**What to work on**
Directions for the data below: repeat exactly the lines from the one with "厢车和仓栅车标配导流罩,并且" through the one with "6年3組が家庭科で、野菜いた", both included, and omit all pictures.

**Exercise data**
((

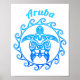 Ocean Blue Tribal Turtle Aruba Poster
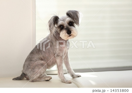 見上げてアイコンタクト ミニシュナ (ミニチュアシュナウザー)
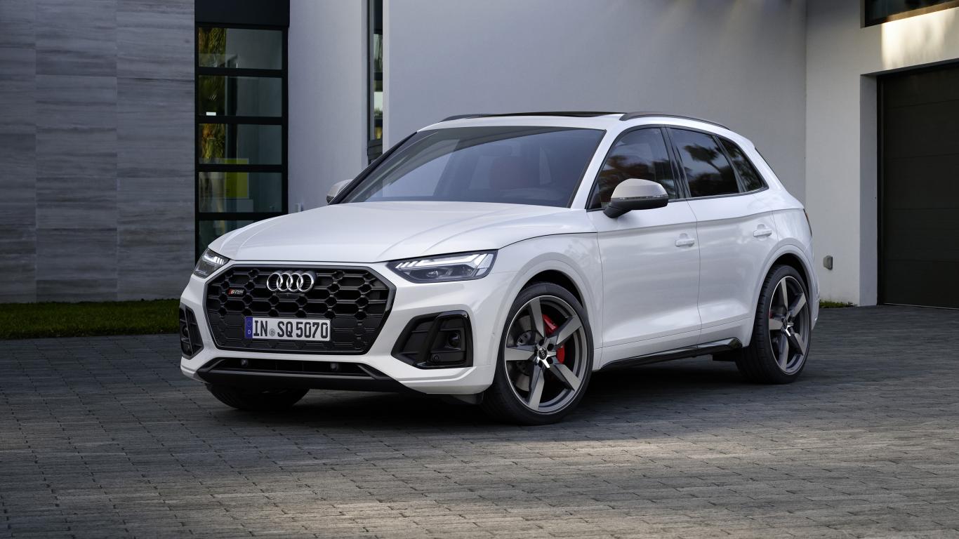 Wallpaper 2020 Audi SQ5 3.0 TDI white car near the garage
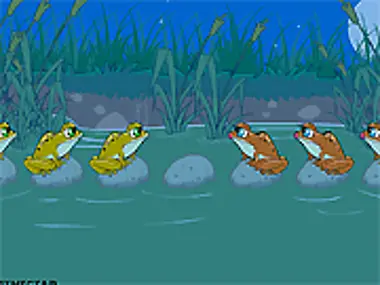 Click on the frogs to jump them over each other and get both groups to the other side.
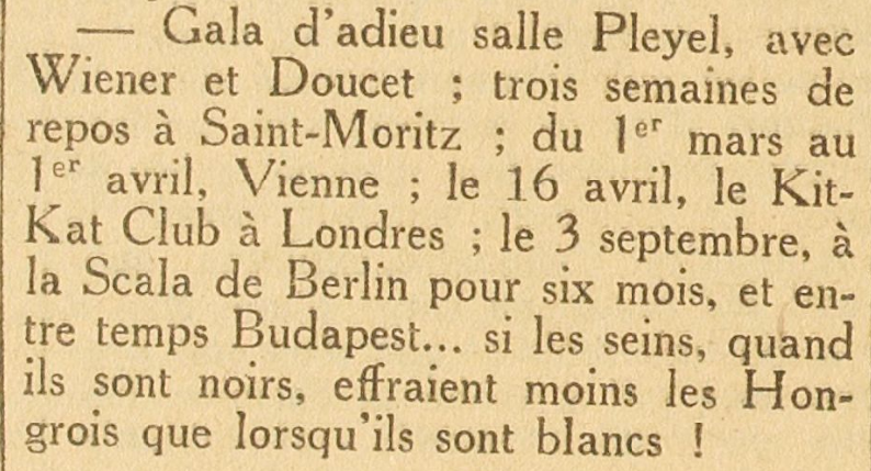 Nouveau spectacle aux Folies Bergère. J. B. troque sa ceinture de plumes contre une mythique jupe de bananes...
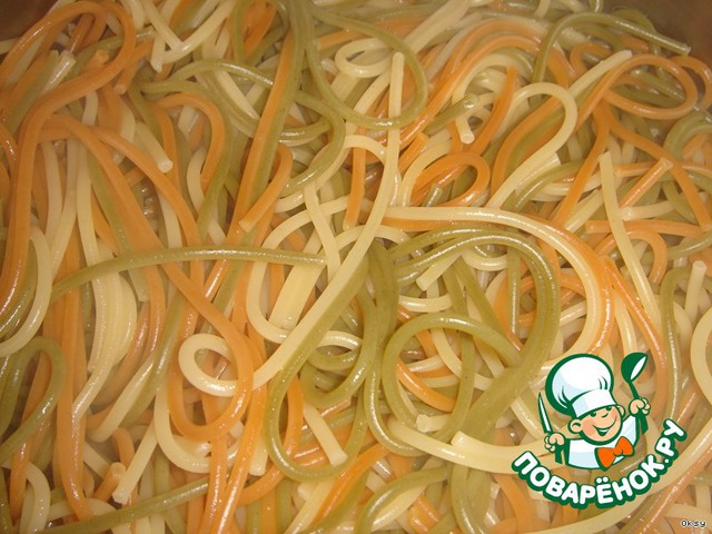 Сварите макаронные изделия в подсоленной воде, слейте воду и перемешайте с растительным маслом.
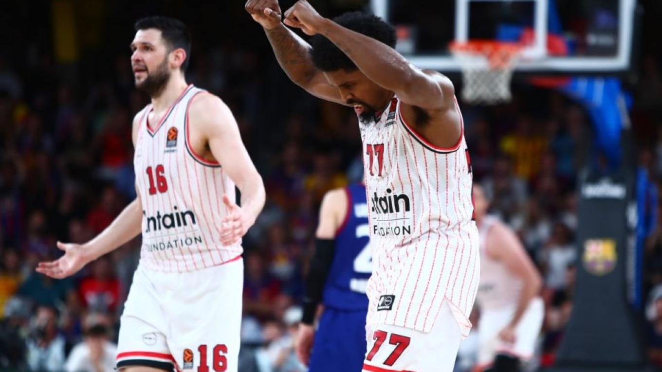 Ο ΜακΚίσικ έδωσε στους Πειραιώτες το πρώτο προβάδισμα (47-49) στο ματς, στο 35’, με τον Αμπρίνες να ισοφαρίζει προσωρινά (49-49), αλλά να ακολουθούν μεγάλα τρίποντα από τον Αμερικανό και τον Παπανικολάου για το +8 (49-57), στο 37’. Στον εναπομείναντα χρόνο οι παίκτες του Μπαρτζώκα έκαναν κάποια εύκολα λάθη δίνοντας την ευκαιρία στους Καταλανούς να επιστρέψουν στο τρίποντο (54-57), στα 1:12’’ αλλά οι «ερυθρόλευκοι» ήταν ψύχραιμοι από τη γραμμή στο τέλος και πήραν το μεγάλο ροζ φύλλο.
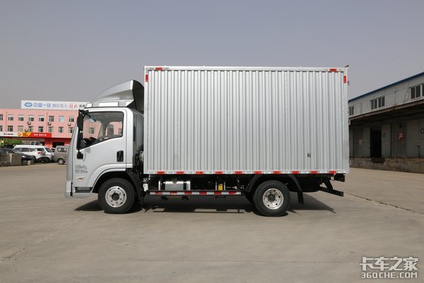 厢车和仓栅车标配导流罩,并且导流罩两边均做了流线性设计,符合空气动力学,可以在行车过程中降低风阻,提高燃油经济性。货厢顶部左右两边都设计了反光标识,夜晚行车可以更好的提醒其它道路参与者。
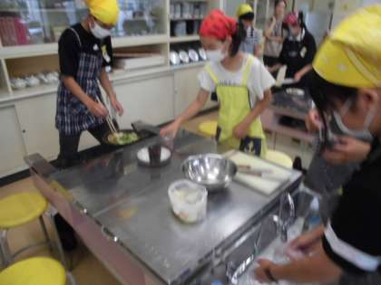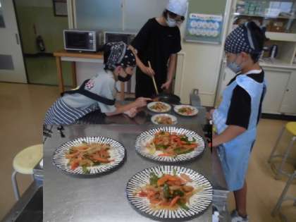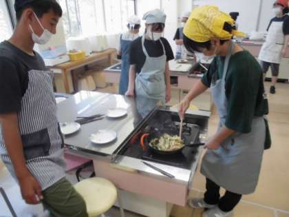 6年3組が家庭科で、野菜いためを作りました。キャベツ、人参、ピーマン、玉ねぎなどをいため、塩こしょうで味付け。協力しておいしくできました。お家でも作るとよいですね。
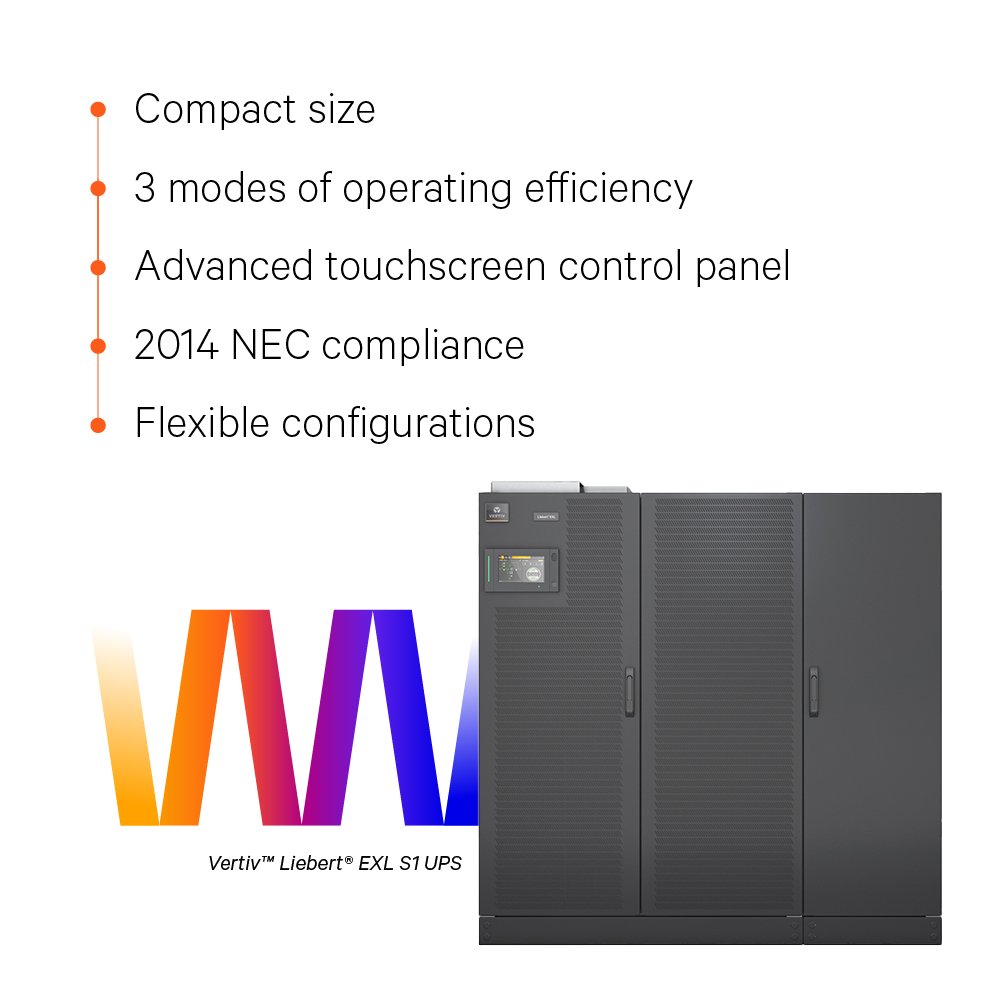 The Vertiv™ Liebert® EXL S1 UPS, with capacity of 250-1200kW, is optimized for maximum efficiency and power density. It has a small footprint, lower than similar UPS in its class or in its kVA size range. It is ideal for customers who need every square foot to offer a positive ROI, such as colocation providers, hosting and cloud businesses. This UPS allows customers to either redeploy the saved space to implement more revenue generating IT equipment or reduce the actual design size of their equipment rooms, thus saving construction costs. At Dynamic Online mode, the UPS can have operating efficiency of up to 99% without sacrificing availability. Its touchscreen control panel provides status-at-a-glance convenience, flexible views and multiple security options. With Vertiv™ LIFE™ Services, get 24x7 remote monitoring by our expert staff to improve availability and lower labor costs.
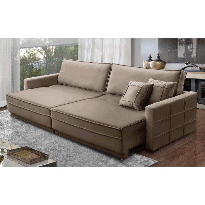 A combinação perfeita de beleza, praticidade e conforto.O novo Sofá cama Cancún é perifeito para ter em casa, com um design modermo ele vai agregar alto valor ao seu ambiente, deixando-o muito mais bonito, elegante além de proporcionar um conforto surreal.A opção dele virar cama é perfeita para quando precisar acomodar algum amigo ou parente quado vierem te visitar. Medidas do Produto Montado:- Largura: 2,10m- Altura: 1,00m- Profundidade: 1,00m- Profundidade de Assento: 0,45cm- Largura de Assento: 1,95m- Braço: 0,10cm- Profundidade total aberto: 1,35m- Profundidade de Assento (Cama): 1,20m- Chão ao Assento: 0,47cm Especificações Técnicas:Encosto: Composto de Almofadas preenchidas de 80% fibra e 20% flocos, para proporcionar maciez e qualidade.Assento: Composto de espuma D-28 além de possuir Molas Bonel e percintas elásticas de 5mm que são esticadas por uma máquina que garante a melhor qualidade possível para o conforto e durabilidade.Estrutura: Sua estrutura é composta por madeira de eucalipto 100% reflorestada, ela é fixada por grampos galvanizados que vão fazer todo o trabalho de manter uma estrutura firme com alta qualidade e durabilidade. Informações relevantes:- Esse produto suporta de 130 a 150kg por assento. *Este produto vai embalado em 2 Volumes. Garantia 90 dias após o recebimento do produto. Instruções de limpeza: Utilizar um pano limpo e seco. Não limpe com escovas ou produtos abrasivos.Observações importantes:- As imagens são meramente ilustrativas, não acompanham objetos de decoração e eletros;- As cores dos produtos podem sofrer alterações dependendo do seu monitor ou lote do tecido.- Todos os produtos vão embalados com total segurança;- Confira a embalagem e o poduto no ato da entrega, caso o produto esteja em desacordo recuse imediatamente.- Não nos responsabilizamos no ato de entrega por montagens, desmontagens, instalações de produtos, nem uso de guinchos ou equipamentos para acesso a pisos superiores em apartamentos.- Confira as dimensões do produto no momento da compra e certifique-se de que passará por escadas, elevadores, portas normais e corredores. Observando as orientações acima, evita-se futuros desagrados ou imprevistos com a entrega do produto.CASO TENHA, A MONTAGEM DO PRODUTO É DE RESPONSABILIDADE DO COMPRADOR, NÃO EFETUAMOS A MONTAGEM DO PRODUTO.*As transportadoras NÃO SOBEM escadas, elevadores e não adentram residências*- A entrega será feita até a porta ou portaria do endereço no qual o pedido foi feito, qualquer necessidade de movimentação do produto até o local onde ele será utilizado é de inteira responsabilidade do CLIENTE, caso haja algum dano ou qualquer coisa do tipo no produto durante a movimentação NÃO NOS RESPONSABILIZAMOS.*As transportadoras NÃO SOBEM escadas, elevadores e não adentram residências*

))

**Answer to the exercise**
 厢车和仓栅车标配导流罩,并且导流罩两边均做了流线性设计,符合空气动力学,可以在行车过程中降低风阻,提高燃油经济性。货厢顶部左右两边都设计了反光标识,夜晚行车可以更好的提醒其它道路参与者。
 6年3組が家庭科で、野菜いためを作りました。キャベツ、人参、ピーマン、玉ねぎなどをいため、塩こしょうで味付け。協力しておいしくできました。お家でも作るとよいですね。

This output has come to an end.